# 8 yr old interested in trains



## bruin512 (Oct 24, 2021)

My son has always enjoyed trains and is ready to move up from wooden sets. He’s 8 and we’d like to get him a starter set (within reason, he’s 8). Mom and dad have zero knowledge about model trains. Any suggestions? Durability and easier set up are probably good ideas. As is something recognizable such as Polar Express, but certainly isn’t a requirement. I’ve done some research but feel a bit lost. Thanks in advance.


----------



## MichaelE (Mar 7, 2018)

I was three when I received my first Lionel O scale train set. I was seven when I received my first HO Burlington Tyco set.

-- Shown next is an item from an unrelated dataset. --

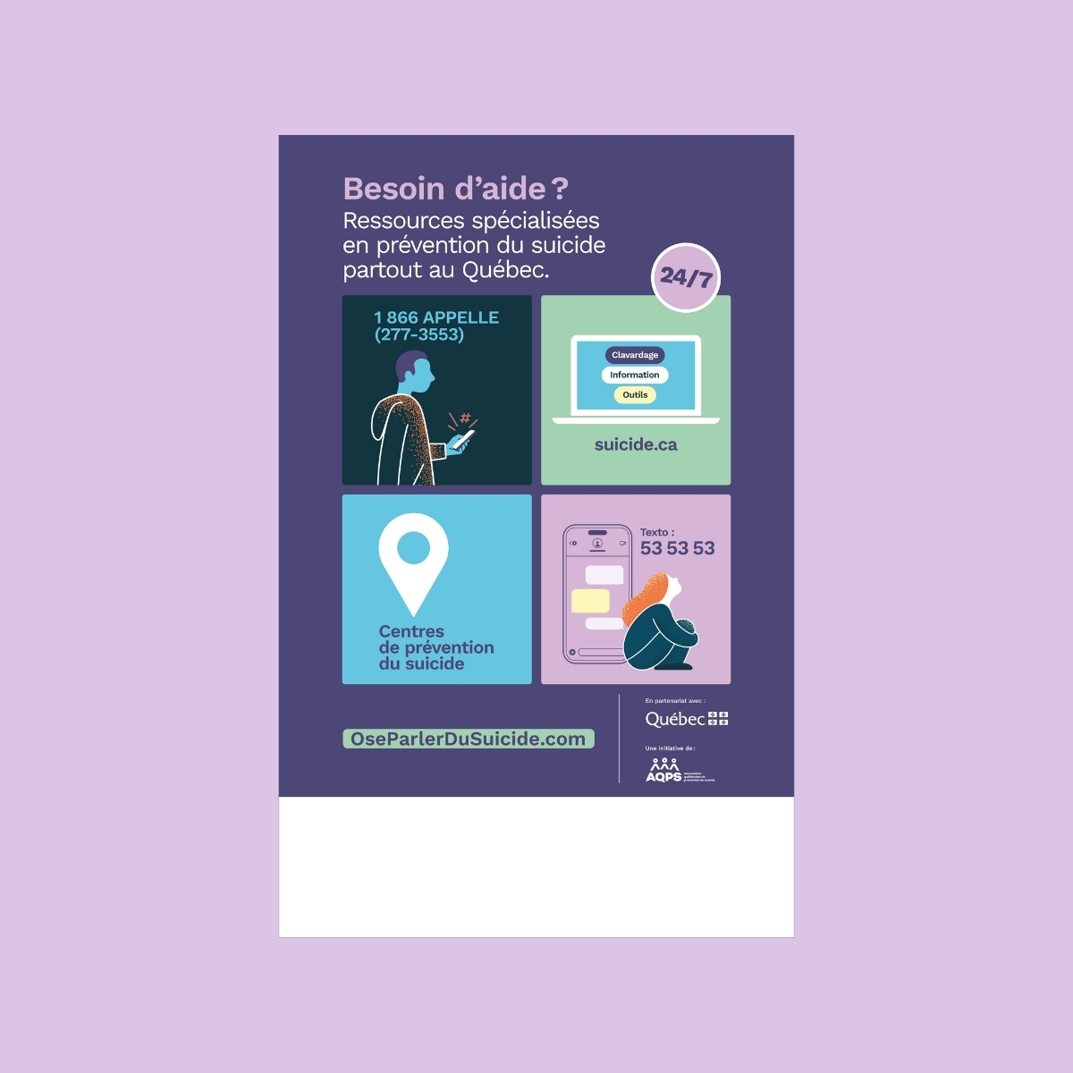 Ce matériel de sensibilisation s’inscrit dans la campagne de la Semaine de prévention du suicide de l’AQPS. Pour en savoir plus, visitez le site oseparlerdusuicide.com.

He's eight. He can handle HO. Or O.


----------



## vette-kid (May 2, 2020)

My son is 8 and does fine with HO and N. N you can put more into a small space. HO is a little easier to handle. But with rerailers N is easily doable at his age. Mine has been into it for a few years n now and isn't letting up. Start small, but leave yourself room to grow if he is really into it (or if you are!).

Sent from my SM-G781U using Tapatalk


----------



## mesenteria (Oct 29, 2015)

This is a touchy subject. As you would expect, there are the advanced purists who have learned almost all possible lessons in the hobby and who energetically try to wave newcomers away from their worst memories. It's a gesture of good will...in most cases. Then there's the perennial problem of bias, preferences, interests, nostalgia, and other factors that tend to paint a heavy coat over any proffered advice, no matter how well-intentioned. 

It will be the same here:

Used to be that one got what they paid for. It hasn't changed much, unfortunately. The typical $200 train set for Christmas hasn't gotten a whole lot better in terms of being a huge hit Christmas morning. Not after they have revealed their failings as a cheap introduction to the hobby. It HAS gotten somewhat better, but....the train sets are still presenting some problems in reliability after a few hours of running, or worse, right away. A better quality locomotive is now about $200 all by itself, if you take the time to look around for available stock at that price. Then, you need about $60 in track elements, including a couple of 'turnouts', the correct engineering term for what we all know as a 'switch'.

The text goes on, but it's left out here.